Die Einwohner, die die Armee zuvor aufgefordert hatte, ihre Häuser zu verlassen, flohen zu Tausenden aus dem Viertel. Der israelische Ministerpräsident Benjamin Netanjahu sprach von einer genau geplanten und zielgerichteten Militäraktion, die palästinensische Autonomiebehörde hielt Israel „Kriegsverbrechen“ vor.
Nach Angaben von Menschenrechtlern in Gaza stieg die Zahl der Toten seit Beginn der Militäroffensive auf fast 400; mehr als 2500 Menschen wurden verletzt. Andere Quellen sprachen von mehr als 400 Toten und 3000 Verletzten. Die israelische Armee unterbrach am Sonntag aus humanitären Gründen mehrfach die Kampfhandlungen und errichtete am Grenzübergang Erez ein Feldlazarett. In den vergangenen 24 Stunden wurden nach Armeeangaben 13 israelische Soldaten getötet. Am Samstagmorgen hatten Hamas-Kämpfer, die durch einen Tunnel nach Israel gelangt waren, zwei Soldaten getötet. Der Raketenbeschuss aus Gaza dauerte am Sonntag an.
Ungeachtet der zahlreichen Toten auf beiden Seiten kündigte Netanjahu eine Ausweitung der Bodenoffensive an. „Wir werden nicht aufhören, bis alle Ziele erreicht sind“, sagte Netanjahu am Sonntag in Tel Aviv. Die radikal-islamische Hamas sei selbst für die vielen Toten unter den Zivilisten verantwortlich. „Israel hat diesen Kampf nicht selbst gewählt, er ist uns aufgezwungen worden“, sagte der Regierungschef. Das Vorgehen gegen die Tunnels und Raketen der Hamas sei lebensnotwendig für die Sicherheit der Bürger Israels. Es könnten noch „schwere Tage“ bevorstehen, sagte Netanjahu.
Kritik an Israel
Der amerikanische Außenminister John Kerry kündigte in einem Interview mit dem Sender CNN an, dass er bald in den Nahen Osten reisen werde, um bei einer „fairen“ Feuerpause zu helfen.

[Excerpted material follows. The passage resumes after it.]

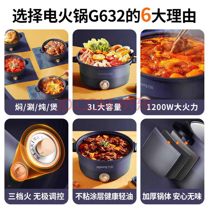 商品相册:九阳(Joyoung)电火锅家用多功能电煮锅电热锅HG30-G632第

UN-Generalsekretär Ban Ki-moon und der französische Außenminister Laurent Fabius hatten sich am Wochenende vergeblich um eine Waffenruhe bemüht. Ban sprach in Tel Aviv mit Ministerpräsident Benjamin Netanjahu und reiste von dort aus an den Golf, wo sich auch der palästinensische Präsident Mahmud Abbas aufhält. Abbas wollte in Qatar den Vorsitzenden des Politbüros der Hamas, Khaled Meschal, treffen. Nach dem Scheitern einer ägyptischen Initiative arbeiten Qatar und die Türkei an einem Vorschlag, der stärker auf die Wünsche der Hamas eingeht.
Der türkische Ministerpräsident Recep Tayyip Erdogan verstärkte am Wochenende noch einmal seine Kritik an Israel. Die Israelis verfluchten Adolf Hitler für den Holocaust, „aber jetzt hat der terroristische Staat Israel mit seinen Greueltaten in Gaza Hitler übertroffen“, zitierte ihn die Nachrichtenagentur Anadolu. In mehreren europäischen Städten kam es am Wochenende zu Demonstrationen. In Paris protestierten mehrere tausend Menschen trotz eines Verbots gegen die israelische Militäroffensive. Dabei kam es zu Ausschreitungen.